File Yanking¶
Note
This specification was originally defined in PEP 592.
Note
PEP 592 includes changes to the HTML and JSON index APIs. These changes are documented in the Simple repository API under HTML - Project Detail and JSON - Project Detail.
Specification¶
Links in the simple repository MAY have a data-yanked
attribute
which may have no value, or may have an arbitrary string as a value. The
presence of a data-yanked
attribute SHOULD be interpreted as
indicating that the file pointed to by this particular link has been
“Yanked”, and should not generally be selected by an installer, except
under specific scenarios.
The value of the data-yanked
attribute, if present, is an arbitrary
string that represents the reason for why the file has been yanked. Tools
that process the simple repository API MAY surface this string to
end users.
The yanked attribute is not immutable once set, and may be rescinded in the future (and once rescinded, may be reset as well). Thus API users MUST be able to cope with a yanked file being “unyanked” (and even yanked again).
Installers¶
The desirable experience for users is that once a file is yanked, when a human being is currently trying to directly install a yanked file, that it fails as if that file had been deleted. However, when a human did that awhile ago, and now a computer is just continuing to mechanically follow the original order to install the now yanked file, then it acts as if it had not been yanked.

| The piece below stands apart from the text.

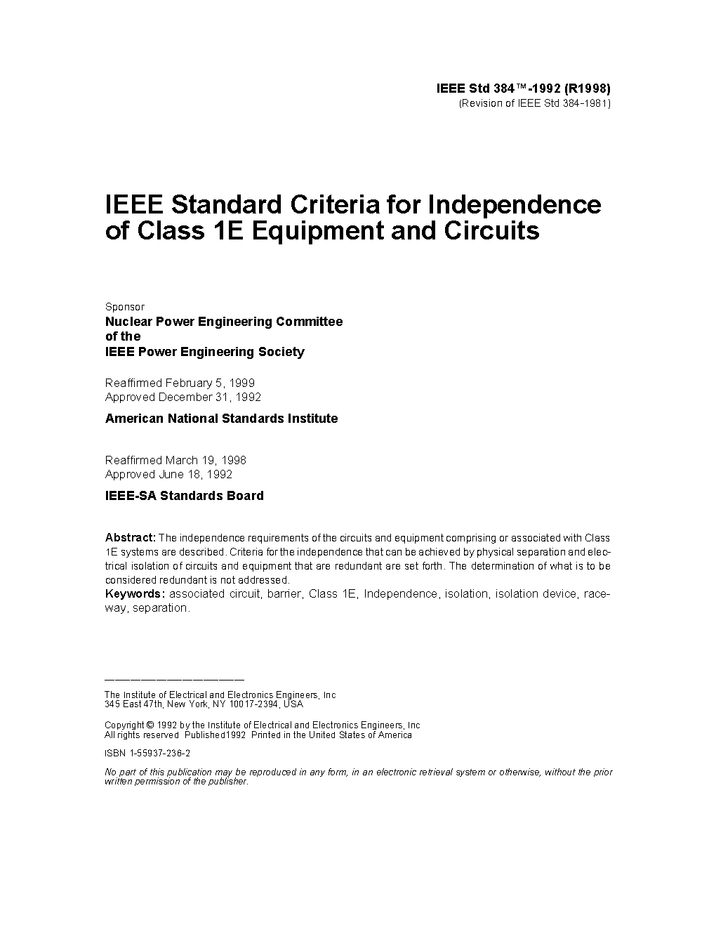 This standard establishes the criteria for implementation of the independence requirements of IEEE Std 308™ 1 and IEEE Std 603™.

An installer MUST ignore yanked releases, if the selection constraints can be satisfied with a non-yanked version, and MAY refuse to use a yanked release even if it means that the request cannot be satisfied at all. An implementation SHOULD choose a policy that follows the spirit of the intention above, and that prevents “new” dependencies on yanked releases/files.
What this means is left up to the specific installer, to decide how to best fit into the overall usage of their installer. However, there are two suggested approaches to take:
Yanked files are always ignored, unless they are the only file that matches a version specifier that “pins” to an exact version using either
==
(without any modifiers that make it a range, such as.*
) or===
. Matching this version specifier should otherwise be done as per the version specifiers specification for things like local versions, zero padding, etc.Yanked files are always ignored, unless they are the only file that matches what a lock file (such as
Pipfile.lock
orpoetry.lock
) specifies to be installed. In this case, a yanked file SHOULD not be used when creating or updating a lock file from some input file or command.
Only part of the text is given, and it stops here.